Dissolution des Conseils communaux : des enjeux « cachés » ?

En décidant de dissoudre certains conseils communaux et de les remplacer par des délégations spéciales, le gouvernement de transition assure vouloir mettre fin aux dysfonctionnements et insuffisances constatés dans certaines collectivités territoriales. Mais la démarche ne fait pas l’unanimité chez les politiques.

Le 24 janvier 2024, le ministère de l’Administration territoriale et de la Décentralisation a annoncé la dissolution des Conseils communaux de Kati, dans la région de Koulikoro, et de Zan Coulibaly, dans la région de Dioila.

Selon le ministre Abdoulaye Maiga, cette dissolution fait suite à un « constat de mauvaise qualité des services rendus aux populations, d’irrégularités, insuffisances et dysfonctionnements dans la gestion administrative, financière et comptable de ces collectivités ». En novembre dernier, le Conseil du District de Bamako et les Conseils communaux des Communes II et IV avaient été dissous pour les mêmes raisons.

Inquiétude des partis politiques

Si pour le gouvernement la dissolution de certains Conseils communaux s’inscrit dans la dynamique d’assainissement de la gestion des collectivités territoriales dans laquelle il s’est engagé depuis le début de la Transition, certains partis politiques dont les élus communaux sont directement concernés ne l’entendent pas de cette oreille.

Le parti Yelema de l’ancien Premier ministre Moussa Mara, dont le maire Adama Bérété a été éjecté de la Commune IV, a d’ailleurs porté plainte en décembre devant le Tribunal administratif de Bamako contre le gouvernement pour « excès de pouvoir ».

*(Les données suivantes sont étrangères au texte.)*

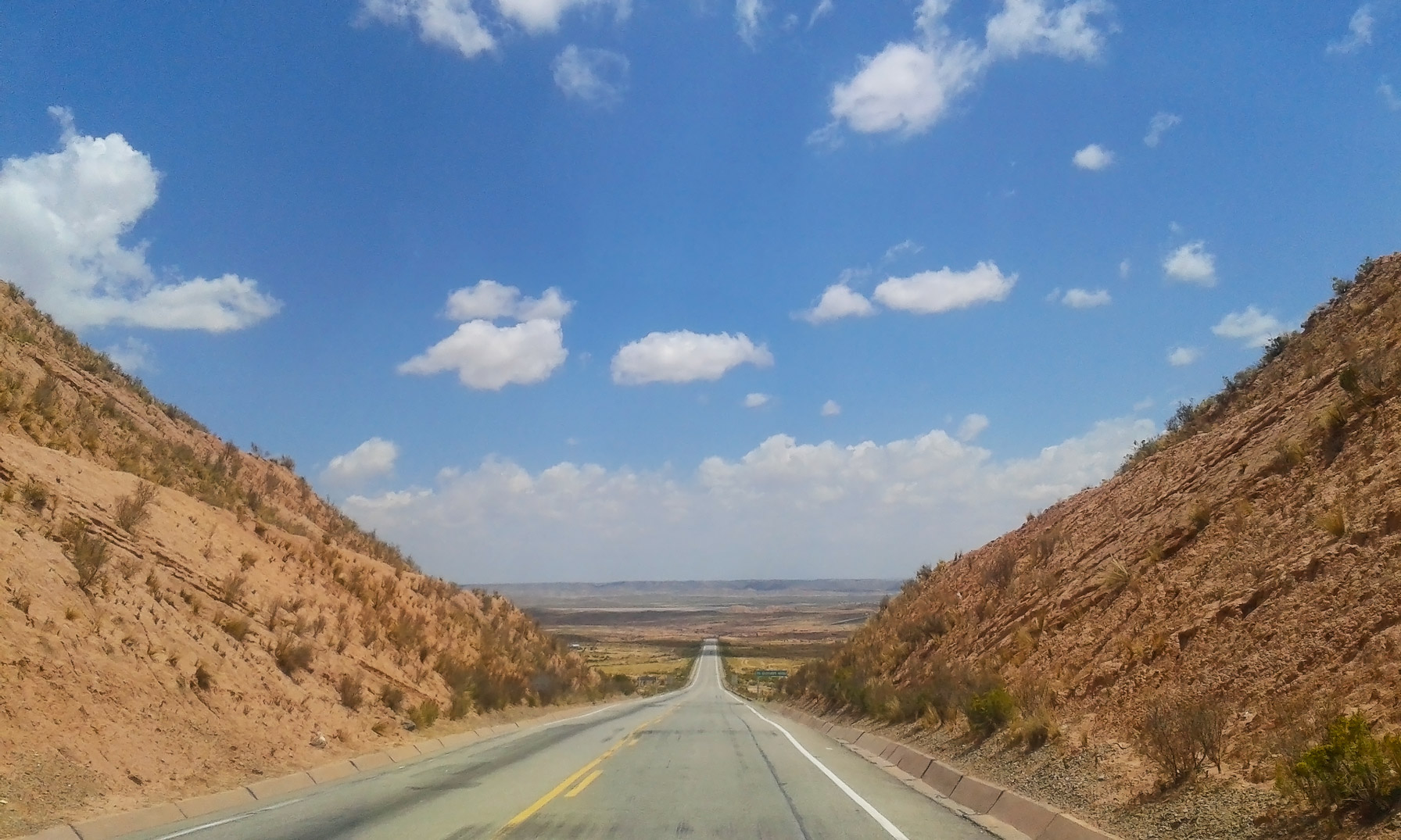 Nous quittons tout d’abord La Paz avec un bus direction Oruro. Celui-ci n’est pas hyper pressé, alors que nous, un peu, on ne voudrait pas louper le seul colectivo qui va à Sajama, notre destination finale 😅 On informe le chauffeur de nous laisser à Patacamaya. Il nous dépose sur la grande route, c’est totalement désert !

Dans un communiqué daté du 27 octobre 2023, le parti Codem, de son côté, déplorait l’absence de transparence dans la désignation des collectivités territoriales concernées, s’interrogeait sur le suivi de la procédure légale en la matière et s’inquiétait aussi de la non dissolution des collectivités concernées au cas par cas.

Calcul électoral ?

Au-delà de l’ « abus de pouvoir » dénoncé et des inquiétudes exprimées par certains partis politiques, d’autres acteurs soupçonnent dans la mise en place de ces délégations spéciales une manière pour les autorités de transition de renforcer un peu plus leur pouvoir au niveau des communes, en y plaçant des hommes acquis à leur cause en vue des prochaines échéances électorales.

Des soupçons que l’analyste politique Boubacar Bocoum réfute. Selon lui, le fond de la question n’est autre que la mauvaise gouvernance des mairies dans les différentes communes. « Je ne pense pas qu’aujourd’hui le combat soit électoraliste. Il faut que la classe politique se ressaisisse. C’est par la faute des politiques que le système de mauvaise gouvernance s’est installé. Je ne suis pas d’accord pour qu’on accuse la Transition de renforcer son pouvoir ou de vouloir contrôler des élections ».

Mise en place de délégations spéciales : la CODEM s’inquiète

À l’issue du Conseil des ministres du 18 octobre dernier, le gouvernement a annoncé la mise en place de délégations spéciales dans certaines collectivités territoriales, suite aux dysfonctionnements, irrégularités et insuffisances constatés après des missions de contrôle et de suivi effectuées par le ministère de l’Administration territoriale et de la Décentralisation. À la CODEM, la pertinence « d’une telle décision à pareil moment » est mise en cause. Dans un communiqué daté du 27 octobre 2023, le parti de l’ancien ministre Housseini Amion Guindo déplore l’absence de transparence sur la désignation des collectivités territoriales concernées, s’interroge sur le suivi de la procédure légale en la matière et déplore la non dissolution des collectivités concernées au cas par cas, « seul préalable avant une telle décision, qui ne doit avoir aucun caractère global ». « Le parti CODEM suit avec beaucoup d’attention la mise en place desdites délégations spéciales, tout en souhaitant qu’elles soit faite avec objectivité et dans l’intérêt exclusif des collectivités concernées », précise le communiqué. Selon une source à la direction générale des collectivités territoriales, ces changements vont toucher les maires et conseillers communaux de Bamako notamment la Commune II, VI et le District. Les communes urbaines de Kayes, Ségou, Mopti, San, Bougouni, Kéniéba, Nioro du Sahel, Gao, Kita ainsi que certaines assemblées locales et régionales de ces localités.

Pour rappel, une délégation spéciale est une forme de gouvernance temporaire mise en place dans une municipalité ou une collectivité locale lorsque les organes normaux de gouvernance, tels que le conseil municipal, ne sont pas en mesure de fonctionner normalement. Cette mesure est généralement instaurée en réponse à une crise ou à des circonstances exceptionnelles qui empêchent le fonctionnement normal des institutions locales.